----- Data for the task -----
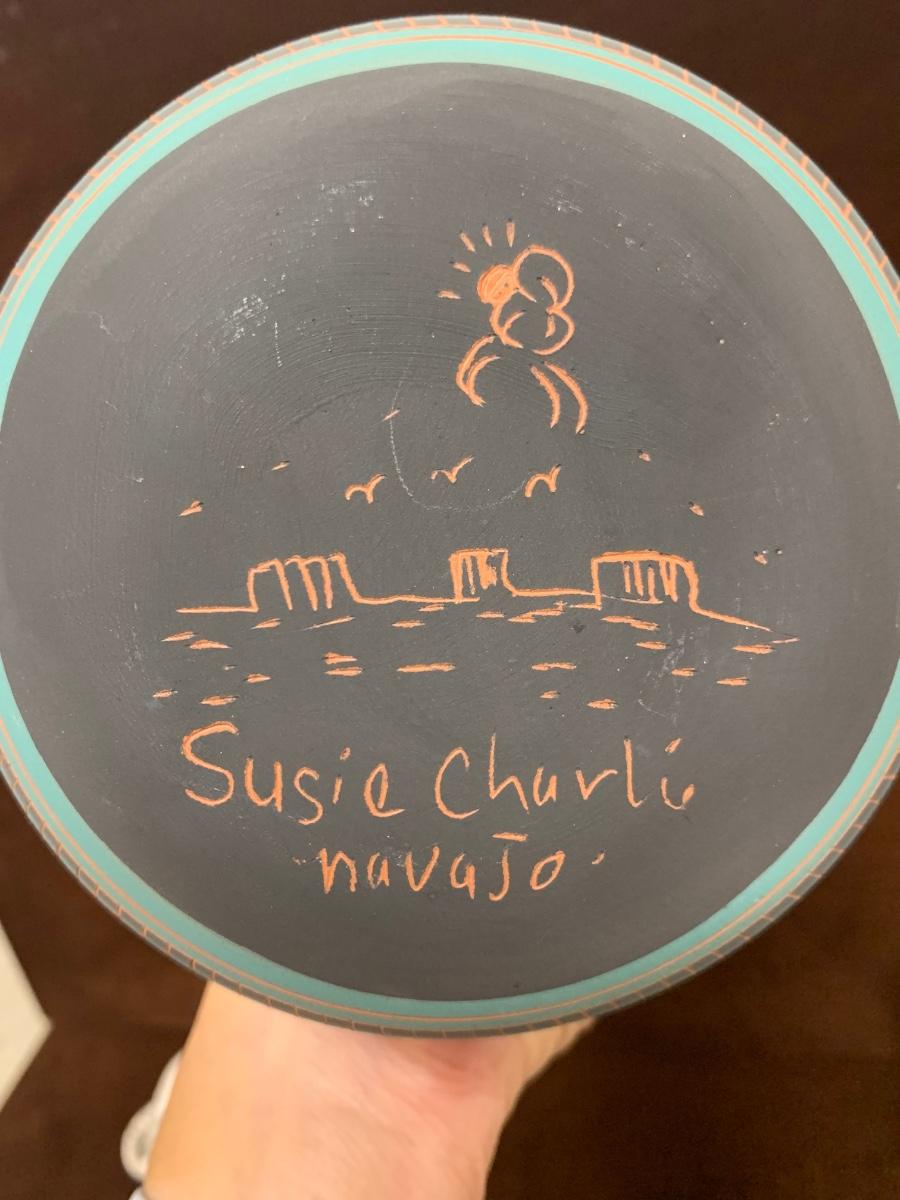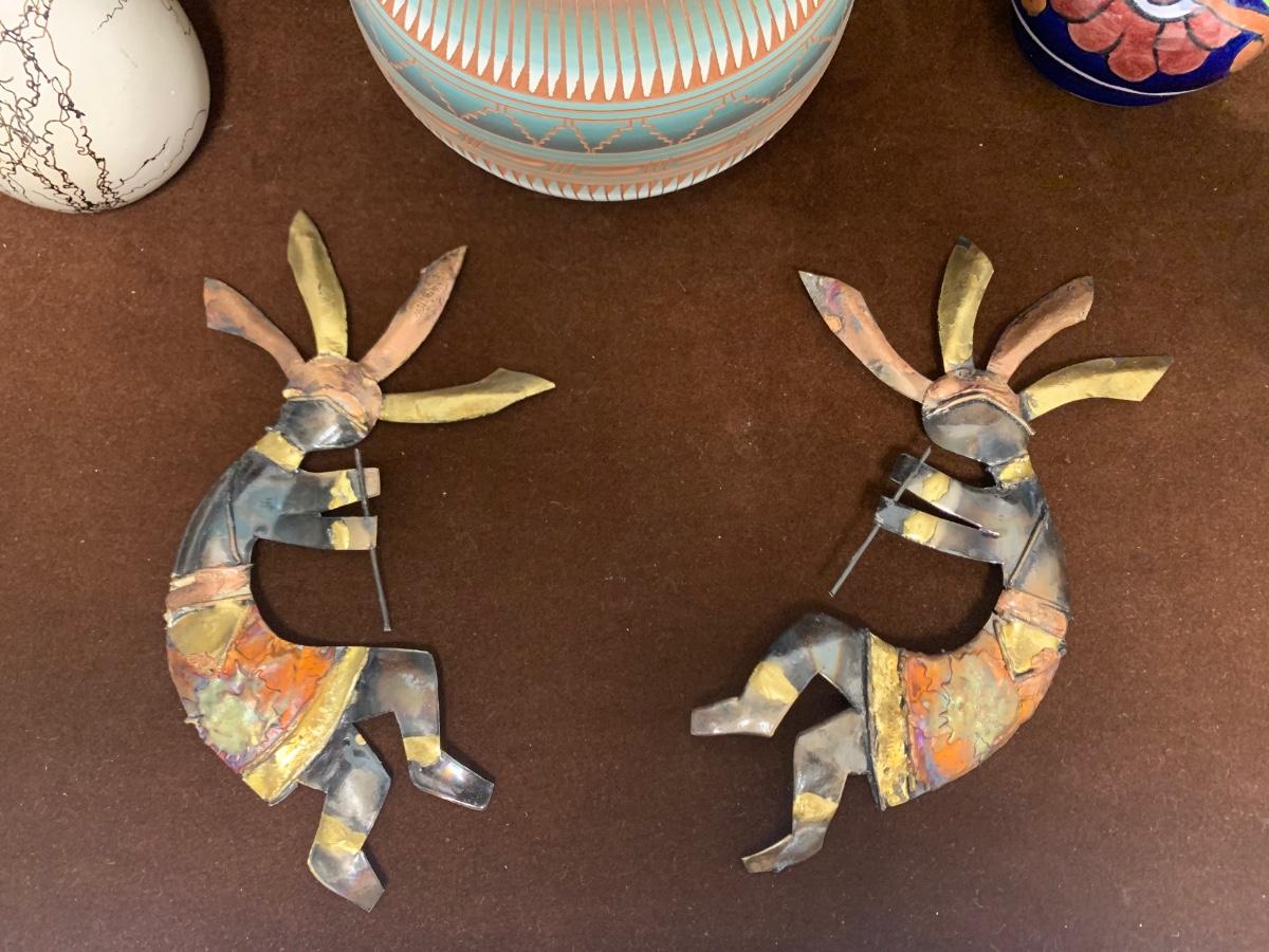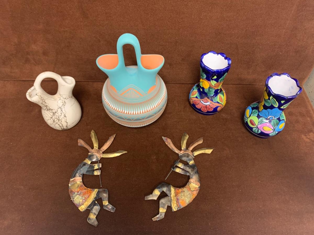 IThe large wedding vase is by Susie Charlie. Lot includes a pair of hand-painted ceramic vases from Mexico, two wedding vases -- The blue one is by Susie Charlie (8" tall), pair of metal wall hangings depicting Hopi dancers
-----
----- Data for the task -----
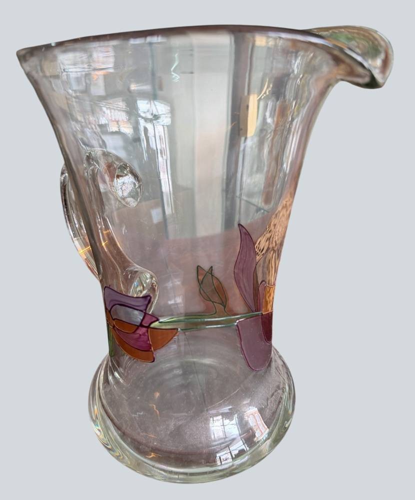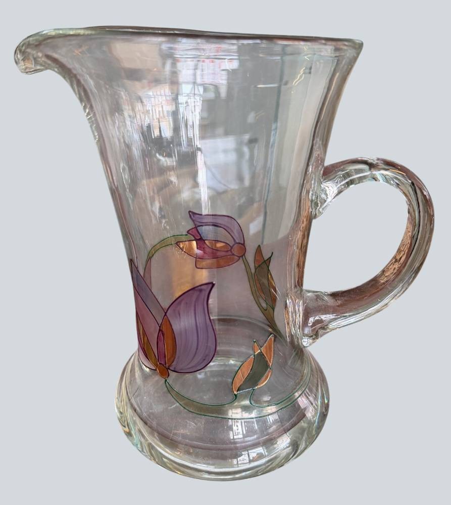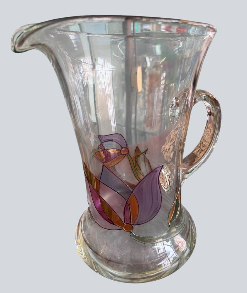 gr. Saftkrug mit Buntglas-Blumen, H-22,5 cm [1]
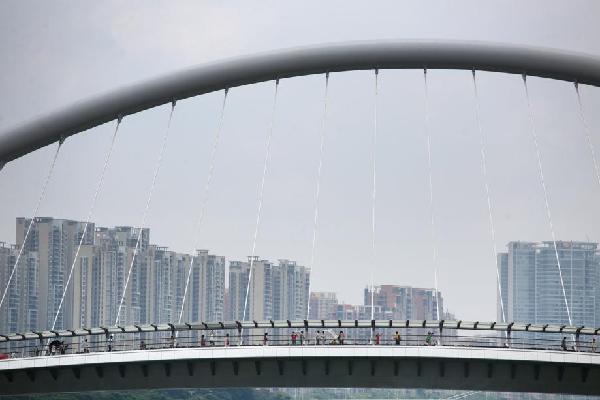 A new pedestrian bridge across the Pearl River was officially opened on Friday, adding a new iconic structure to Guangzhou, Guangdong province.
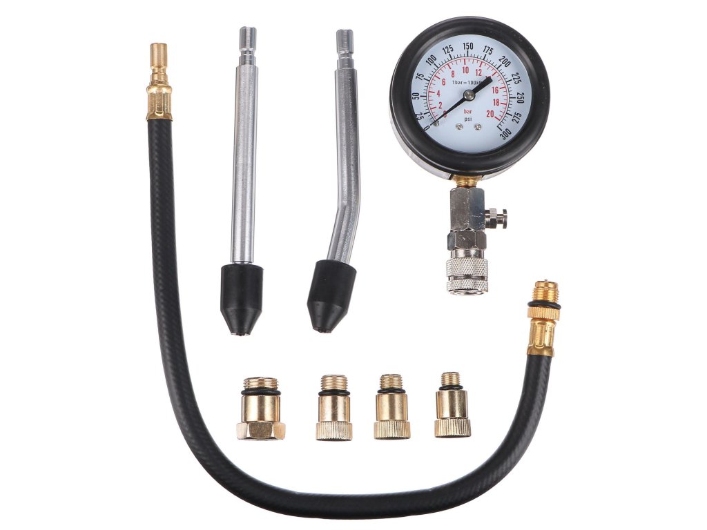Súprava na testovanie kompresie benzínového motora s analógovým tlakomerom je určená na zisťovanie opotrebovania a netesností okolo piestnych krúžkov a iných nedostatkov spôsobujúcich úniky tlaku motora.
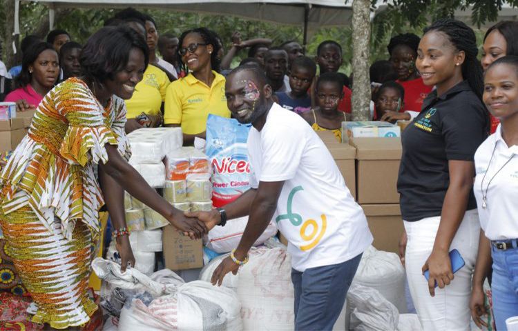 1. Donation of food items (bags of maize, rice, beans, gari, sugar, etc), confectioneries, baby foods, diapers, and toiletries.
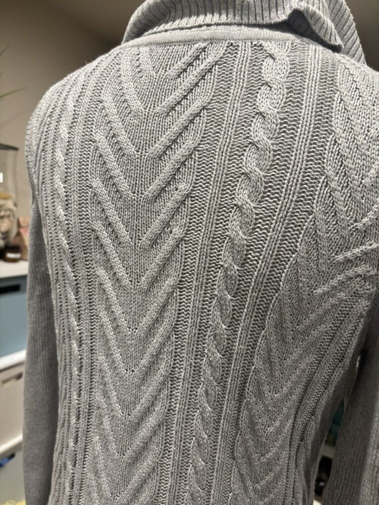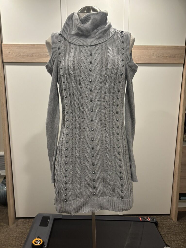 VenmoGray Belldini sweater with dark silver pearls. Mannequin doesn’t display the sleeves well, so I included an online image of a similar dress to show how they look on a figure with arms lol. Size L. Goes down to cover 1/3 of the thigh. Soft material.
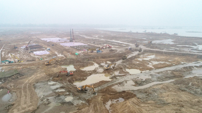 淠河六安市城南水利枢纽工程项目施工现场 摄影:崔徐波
-----
● **Problem**
Your answer should be the lines above, word for word, from the line with "Súprava na testovanie" through the line with "淠河六安市城南水利枢纽工程项目施工现场 摄影:崔徐波", minus the pictures.

● **Written answer**
Súprava na testovanie kompresie benzínového motora s analógovým tlakomerom je určená na zisťovanie opotrebovania a netesností okolo piestnych krúžkov a iných nedostatkov spôsobujúcich úniky tlaku motora.
 1. Donation of food items (bags of maize, rice, beans, gari, sugar, etc), confectioneries, baby foods, diapers, and toiletries.
 VenmoGray Belldini sweater with dark silver pearls. Mannequin doesn’t display the sleeves well, so I included an online image of a similar dress to show how they look on a figure with arms lol. Size L. Goes down to cover 1/3 of the thigh. Soft material.
 淠河六安市城南水利枢纽工程项目施工现场 摄影:崔徐波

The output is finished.